> [Input for this task]

-- Opening Marker --

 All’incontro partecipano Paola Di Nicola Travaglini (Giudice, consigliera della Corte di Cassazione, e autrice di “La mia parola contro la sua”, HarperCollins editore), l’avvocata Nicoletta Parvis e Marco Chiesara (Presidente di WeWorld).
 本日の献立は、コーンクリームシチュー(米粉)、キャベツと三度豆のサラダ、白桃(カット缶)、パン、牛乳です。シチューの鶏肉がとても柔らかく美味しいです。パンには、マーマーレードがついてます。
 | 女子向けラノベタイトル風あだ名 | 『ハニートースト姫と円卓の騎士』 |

-- Closing Marker --
-- Opening Marker --

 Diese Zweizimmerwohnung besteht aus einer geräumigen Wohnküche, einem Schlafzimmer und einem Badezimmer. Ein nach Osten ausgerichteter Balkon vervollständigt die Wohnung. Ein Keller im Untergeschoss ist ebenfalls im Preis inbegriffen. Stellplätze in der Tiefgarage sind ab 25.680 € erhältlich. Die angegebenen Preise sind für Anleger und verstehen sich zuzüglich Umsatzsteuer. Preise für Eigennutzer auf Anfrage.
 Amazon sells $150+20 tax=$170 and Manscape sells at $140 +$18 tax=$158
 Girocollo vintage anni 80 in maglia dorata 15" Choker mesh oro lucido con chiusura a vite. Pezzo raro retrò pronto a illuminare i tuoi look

-- Closing Marker --
-- Opening Marker --

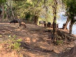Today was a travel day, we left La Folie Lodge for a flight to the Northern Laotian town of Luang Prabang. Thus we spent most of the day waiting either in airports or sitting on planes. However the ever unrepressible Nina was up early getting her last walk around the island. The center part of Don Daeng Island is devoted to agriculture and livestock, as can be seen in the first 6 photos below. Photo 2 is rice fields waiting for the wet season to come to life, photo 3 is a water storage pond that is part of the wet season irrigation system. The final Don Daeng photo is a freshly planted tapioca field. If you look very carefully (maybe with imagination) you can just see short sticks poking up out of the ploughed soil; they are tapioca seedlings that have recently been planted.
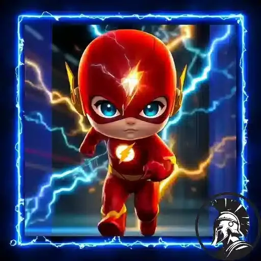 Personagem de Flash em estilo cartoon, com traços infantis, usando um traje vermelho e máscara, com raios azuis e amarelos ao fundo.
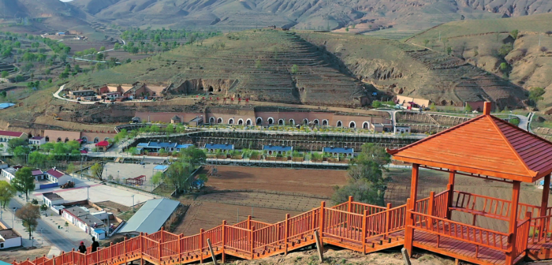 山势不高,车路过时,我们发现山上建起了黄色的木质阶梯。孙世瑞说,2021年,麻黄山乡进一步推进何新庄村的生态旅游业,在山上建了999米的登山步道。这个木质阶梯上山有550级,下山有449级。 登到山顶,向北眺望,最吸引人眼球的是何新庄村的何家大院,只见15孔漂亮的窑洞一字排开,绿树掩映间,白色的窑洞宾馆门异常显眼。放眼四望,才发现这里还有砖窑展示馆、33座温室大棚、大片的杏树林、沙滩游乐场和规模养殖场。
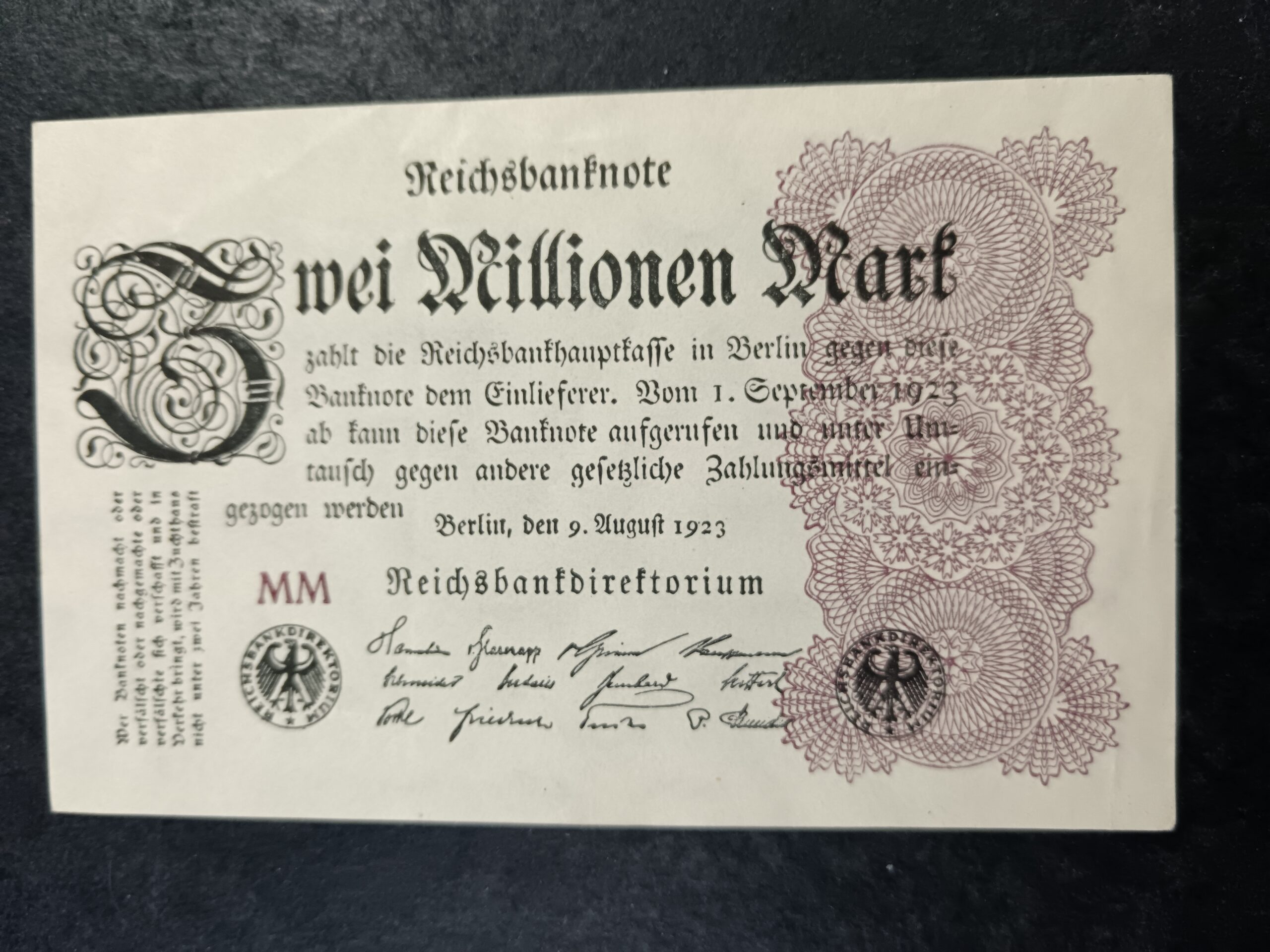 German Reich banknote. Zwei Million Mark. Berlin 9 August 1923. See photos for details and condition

-- Closing Marker --

> [Activity] From the material above, set down exactly the lines starting at the one with "All’incontro partecipano Paola" and ending at the one with "女子向けラノベタイトル風あだ名 | 『ハニートースト姫と円卓の騎士』 |", end lines included.

> [Reply to the task]
 All’incontro partecipano Paola Di Nicola Travaglini (Giudice, consigliera della Corte di Cassazione, e autrice di “La mia parola contro la sua”, HarperCollins editore), l’avvocata Nicoletta Parvis e Marco Chiesara (Presidente di WeWorld).
 本日の献立は、コーンクリームシチュー(米粉)、キャベツと三度豆のサラダ、白桃(カット缶)、パン、牛乳です。シチューの鶏肉がとても柔らかく美味しいです。パンには、マーマーレードがついてます。
 | 女子向けラノベタイトル風あだ名 | 『ハニートースト姫と円卓の騎士』 |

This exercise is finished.